BERNSTEIN: Records show Samson's lobbying billings increased 20-fold under Christie. Ten days after the bridge documents emerged, Samson's name would come up again in a second scandal. Hoboken Mayor Dawn Zimmer charged that Christie's lieutenant governor had threatened to withhold recovery aid for storm Sandy if the mayor didn't approve a 40-story office development.
MAYOR DAWN ZIMMER: She explained that the governor really wanted me to move ahead, that the Rockefeller project was very important to the governor. And she said, I know it's not right. These things should not be connected, but they are.

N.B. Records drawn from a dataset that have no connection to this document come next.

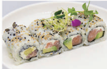
372. URAMAKI PHILADELPHIA Salmone, avocado, philadelphia 4.7 € 9,00
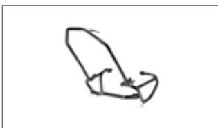
Protector de motor
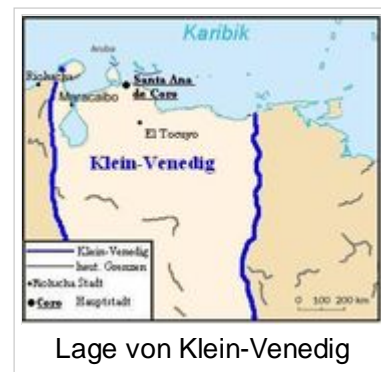
Lage von Klein-Venedig

BERNSTEIN: Christie's team denied wrongdoing but two key facts emerged: the developer was a Samson client and the Port Authority had made a grant for a study that helped that client. That, it turned out, would be the first we would learn of a series of projects Samson pushed in his official capacity as Port Authority chair, while also working for the clients privately as a lawyer. Samson backed the takeover of the Atlantic City airport by the Port Authority at the same time his law firm was quietly working for the airport.
SAMSON: There are great opportunities here, our consultants tell us and our aviation people tell us.
BERNSTEIN: Then there was his representation of New Jersey transit while at the same time getting the Port Authority to agree to a large subsidy for that client - the $256 million renovation of a commuter train station - while also representing two clients who stood to benefit from the overhaul. Samson hasn't consented to interviews about the potential conflicts. His spokeswoman has maintained he has always held himself to the highest personal and professional standards. At the Port Authority board meeting last month, Samson brushed by reporters but he did apologize for the lane closures.
SAMSON: On behalf of the board of commissioners, we are deeply sorry for inconvenience caused to our travelers.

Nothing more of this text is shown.